Create admin users. Adds an 'ansible' role that provides password-less sudo access, suitable for running Ansible.
None.
You'll need to provide a list of admin users under the variable admin_users. You probably want to put this somewhere global, so that these users are consistently created on all servers. However, you're free to set them on a host-by-host basis as well. name and ssh_pub_key are the only required elements.
admin_users:
- name: ergonlogic # Required.
comment: Christopher Gervais # Optional, defaults to ''.

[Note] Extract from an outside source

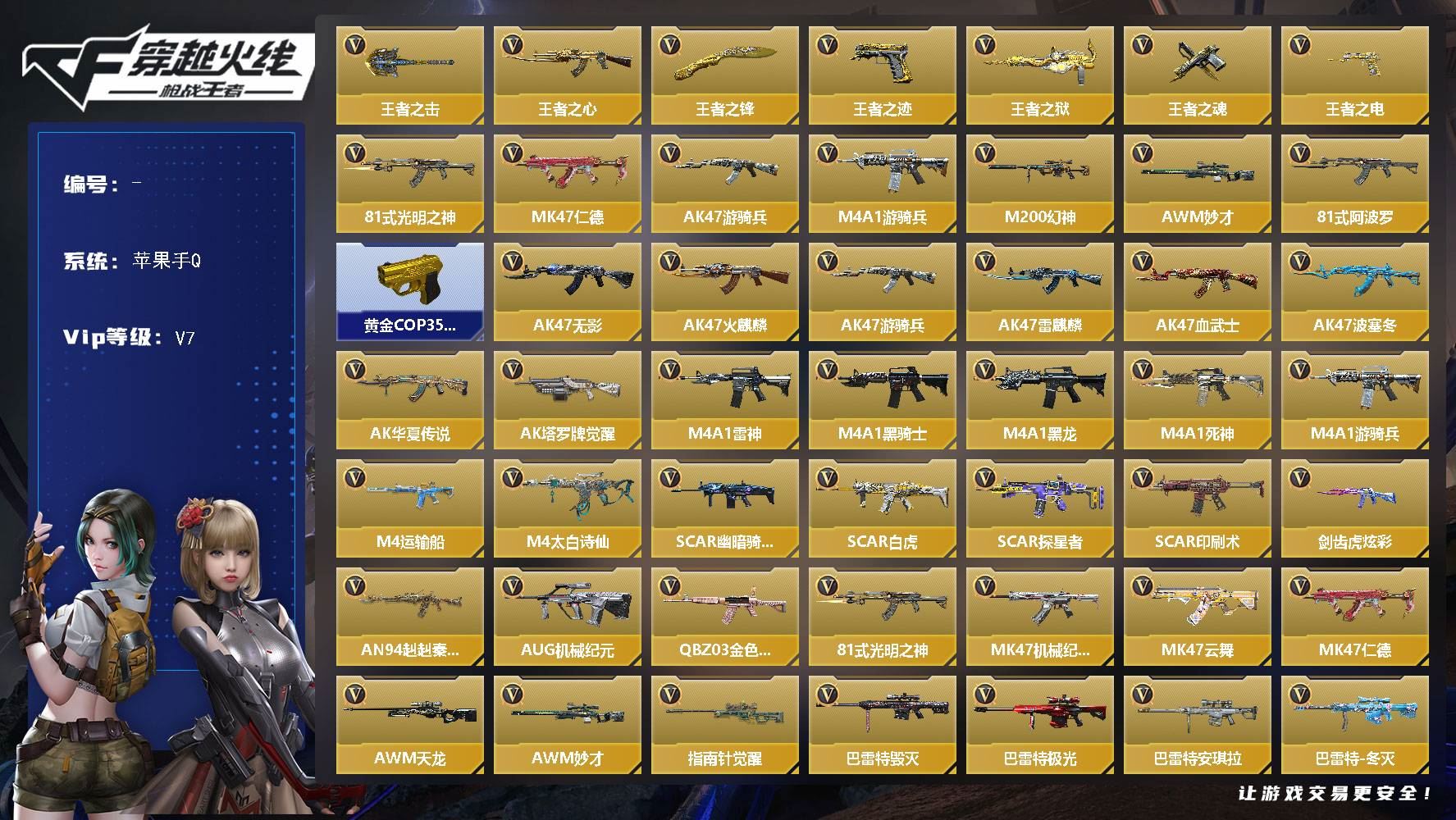 【游戏多多】 56英雄角色数-930英雄武器数 【王者系列】:巴雷特-雷霆王者,COP 357-雷霆王者,雷霆王者之锋,M4A1-雷霆王者,M12S-雷霆王者,王者之击,王者之轮,王者之城,王者之势,王者之戮,王者之力,王者之影,王者之光,王者之武,王者之怒,王者之魄,王者之心,王者之神,王者之锋,王者之迹,王者之掣,王者之翎,王者之蝶,王者之圣,王者之兽,王者之狱,王者之魂,王者之痕,王者幻神,王者之仞,王者之隐,王者之烈,王者之霆,王者之破,王者之业,王者之竞,QBZ03-王者蔷薇,王者之技,王者之誉 【热门武器】:KSG-孟获,81式-光明之神,MK47-仁德,AK47-策,81式-机械纪元,AK47-孟德,M4A1-仲达,AK47-奉先,AK47-常胜,M4A1-星象,AK47-游骑兵,M4A1-游骑兵,TAC-慈,M200-幻神,AWM-妙才,AWM-游骑兵,VEPR12-本初,VEPR12-宙斯,黑龙魂,COP 357-雷霆,COP 357-旗袍,COP 357-星象,COP 357-堕天神,81式-阿波罗,M200-权,CZS2-仲康,COP 357-安琪拉,AN94-盖 【角色】:春,蝉,蔡文昭,关小雨,九尾狐,葵,零,萝拉,岚兮儿,零-水下丽影,晴雅,乔月,审判者,瞳,雾萌萌,妩媚妖姬,幽灵刀锋-觉醒,樱,云悠悠,雨墨,雅典娜,子涵,职场灵狐-赛事经理,甄梦,凌霄,炽天使-X,祝融夫人,零-新生,步练师,虹儿,钟小魁 【英雄武器】:09式狙-天神,09式狙-幻兽,81式-机械纪元,81式-光明之神,9A91-死神,9A91-游骑兵,98K-黑骑士,98K-血月,98K-星神,98K-蜻蜓,AK47-无影,AK47-火麒麟,AK47-麒麟,AK47-黑武士,AK47-黑武士觉醒,AK47-沙漠领主,AK47-牡丹精灵,AK47-角斗士,AK47-耀金伯爵,AK47-游骑兵,AK47-冰魂,AK47-冰魂觉醒,AK47-Rush-星速,AK47-常胜,AK47-樱斗士-二觉,AK47-竞技战魂,AK47-机械迷城,AK47-无影-葵,AK47-变色龙,AK47-孟德,AK47-幸运日觉醒,AK47-猩红传说,AK47-沙漠郡主-一觉,AK47-沙漠郡主-超觉,AK47-雷麒麟,AK47-心动次元觉醒,AK47-雷暴,AK47-奉先,AK47-血武士,AK47-波塞冬,AK47-策,AK47-华夏传说,AK47-死神,AK47-黑鲨,AK47-风神翼龙,AK47-轮回,AK47-雷霆,AN94-超新星,AN94-卷帘大将军,AUG-机械纪元,AK12-天启,AWM-天龙,AWM-赛博时代,AWM-游骑兵,AWM-妙才,AWM-竞界荣光,AWM-裁决,AWM-天使,暗杀星,暗杀神,AA12-雷神,巴雷特-毁灭,巴雷特-极光,巴雷特-雷神,巴雷特-金色蔷薇,巴雷特-安琪拉,巴雷特-坦克堡垒,巴雷特-雷霆,巴雷特-极光-运动宝贝兰,巴雷特-冬灭觉醒,巴雷特-雷霆王者,白骨利刃,CZS2-善财童子,CZS2-心动次元,CZS2-心动次元觉醒,CZS2-血月,COP 357-星象,COP 357-雷霆,COP 357-堕天神,COP 357-旗袍,COP 357-雷霆王者,CZ75-死神,CZ75-穷奇,雌雄双股剑,丛林匕首-火力竞放觉醒,丛林匕首-庆龙觉醒,地狱火,地狱烈炎,夺魂,方天画戟,G36-机械纪元,G36-竞技战魂,G3A3-五色琉璃觉醒,GLOCK18-宙斯,HK416-混世行者,寒霜烈龙,黑龙魂,毁灭征服者-超越Max,海斯博士双刃-激光,虎贲钩镰刀,虎头湛金枪,剑齿虎,剑齿虎-炫彩,加特林-堡垒,加特林-炼狱,加特林-堡垒觉醒,加特林-蟒蛇,激光短刃-黑骑士,甲骨利斧,KSG-黑骑士,KSG-天蓬元帅,KSG-火力竞放觉醒,KSG-极光,KSG-孟获,柯尔特-仲达,柯尔特-伏刹山海觉醒,刘易斯-血月,刘易斯-天使,龙啸,镰刀-哈迪斯,龙啸-堕天神,雷霆王者之锋,龙胆亮银枪,雷霆权杖-宙斯,M4A1-雷神,M4A1-黑骑士,M4A1-黑龙,M4A1-死神,M4A1-玫瑰精灵,M4A1-游骑兵,M4A1-卧龙觉醒,M4A1-卧龙,M4A1-星象,M4A1-Rush-夜袭,M4A1-雷神-萝拉,M4A1-龙血,M4A1-仲达,M4A1-竞界荣光,M4A1-机械迷城,M4A1-赛博雷神,M4A1-雷霆,M4A1-海骑士,M4A1-冰锋觉醒,M4A1-哈迪斯,M4A1-破空冰刃,M4A1-堕天神,M4A1-心动次元,M4A1-心动次元觉醒,M4A1-运输船,M4A1-猎神,M4A1-雷霆王者,M14EBR-暗夜,M14EBR-天神,M14EBR-拂影,MK47-机械纪元,MK47-云舞,MK47-仁德,M200-幻神,M200-心【详情看截图,截图或者标题展示段位不代 表实际段位,如赛季更新等不可抗拒因素发生变化、时限道具不保证所剩时间、标题未写送点劵默认不送】

shell: /bin/bash # Optional, defaults to '/bin/bash'.
groups: 'sudo,adm' # Optional, defaults to 'sudo,adm,ansible'.
password: "$6$r4r..." # Optional, defaults to '*', i.e., no password.
ssh_pub_keys: # Required.
- "ssh-rsa AAAAB3..."
None.
Include as you would any other role. You can optionally add host-specific users like so:
- hosts: servers
vars:
local_admin_users:
- name: joe
ssh_pub_keys:
- "ssh-rsa AAAAB3..."
admin_users: "{{ admin_users + local_admin_users }}"
roles:
- ergonlogic.admin_users
MIT / BSD
This role was created in 2016 by Christopher Gervais.